● Work request
Exact copy, no pictures: return only the lines below from the line with "5月6日,人们在勐满镇曼烈村" up to and including the line with "12月2日、3日,第四届全国".

● Data
***
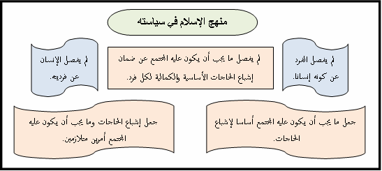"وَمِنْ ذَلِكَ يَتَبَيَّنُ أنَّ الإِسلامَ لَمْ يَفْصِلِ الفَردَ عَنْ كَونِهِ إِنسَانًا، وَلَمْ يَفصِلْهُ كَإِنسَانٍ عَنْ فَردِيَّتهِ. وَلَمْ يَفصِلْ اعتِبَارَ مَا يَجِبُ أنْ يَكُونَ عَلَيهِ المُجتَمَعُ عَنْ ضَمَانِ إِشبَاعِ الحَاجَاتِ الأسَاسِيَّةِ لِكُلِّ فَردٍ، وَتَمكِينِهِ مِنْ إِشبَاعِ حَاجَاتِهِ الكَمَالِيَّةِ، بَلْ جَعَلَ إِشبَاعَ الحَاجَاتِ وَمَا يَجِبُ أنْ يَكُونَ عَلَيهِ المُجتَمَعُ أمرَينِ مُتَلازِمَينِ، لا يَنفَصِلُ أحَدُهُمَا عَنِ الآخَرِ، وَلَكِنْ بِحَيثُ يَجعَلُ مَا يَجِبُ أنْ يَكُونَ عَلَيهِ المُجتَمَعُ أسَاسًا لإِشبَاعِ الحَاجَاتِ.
***
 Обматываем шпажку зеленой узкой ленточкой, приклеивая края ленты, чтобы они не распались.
***
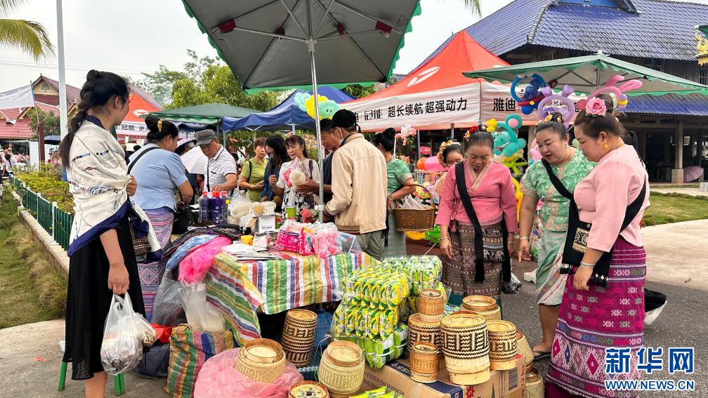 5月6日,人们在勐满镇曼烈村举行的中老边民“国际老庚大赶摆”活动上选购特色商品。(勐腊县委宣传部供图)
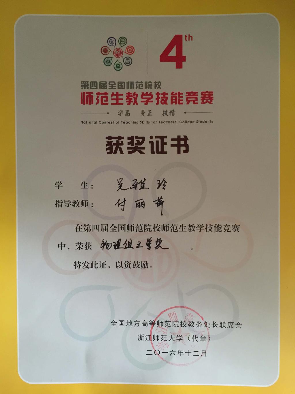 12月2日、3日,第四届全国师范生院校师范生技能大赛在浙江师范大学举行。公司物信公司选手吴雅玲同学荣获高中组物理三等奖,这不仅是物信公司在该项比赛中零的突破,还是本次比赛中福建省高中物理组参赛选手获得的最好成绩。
***
● The answer
 5月6日,人们在勐满镇曼烈村举行的中老边民“国际老庚大赶摆”活动上选购特色商品。(勐腊县委宣传部供图)
 12月2日、3日,第四届全国师范生院校师范生技能大赛在浙江师范大学举行。公司物信公司选手吴雅玲同学荣获高中组物理三等奖,这不仅是物信公司在该项比赛中零的突破,还是本次比赛中福建省高中物理组参赛选手获得的最好成绩。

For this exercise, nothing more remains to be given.